Key research questions
Content
- What is the ‘acquis’ in labour rights and the social protection of workers at the onset of the pandemic in Delhi, Kerala (India) and Sri Lanka?
- What has been the effect of the pandemic on the social protection of workers in Delhi, Kerala, (India) and Sri Lanka? Do we see a reinforcement of existing labour protection regimes or the parallel erosion of labour rights across all cases?
- What is the effect of centralization (India) and militarization (Sri Lanka) on labour protection? How is (organized and unorganised) labour responding to such shifts and changes?
- What explains cross-case and within case temporal and regional variations in the trajectory of labour protection regimes since the pandemic.

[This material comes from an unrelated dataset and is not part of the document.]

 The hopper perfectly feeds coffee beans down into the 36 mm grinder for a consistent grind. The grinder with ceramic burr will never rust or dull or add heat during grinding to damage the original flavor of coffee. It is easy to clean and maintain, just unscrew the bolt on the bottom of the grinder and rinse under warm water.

The most notable factors to look out for are:
- different labour market characteristics: do distinctions between primary, secondary and tertiary sector employment together with casual and migrant work generate the need for distinct social protection mechanisms?

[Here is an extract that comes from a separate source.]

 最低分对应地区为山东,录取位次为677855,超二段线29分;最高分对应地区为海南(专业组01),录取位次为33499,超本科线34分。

- strength and cohesiveness of organized labour: Do the differently placed union strengths in the distinction locations for India (Kerala and Delhi) and Sri Lanka weigh more heavily on the state’s response to COVID-19, generating differentiated and/or deeper universal worker protection policies?
- access of organized labour to political power: To what extent has organized labour played a key role in mediating state-capital-labour relations in the current context? What forms do they take within the CoVID-19 crisis? Is there a politicization, ethnicization or ethno-nationalization of unions that may have strengthened or diluted social provisioning during the crisis?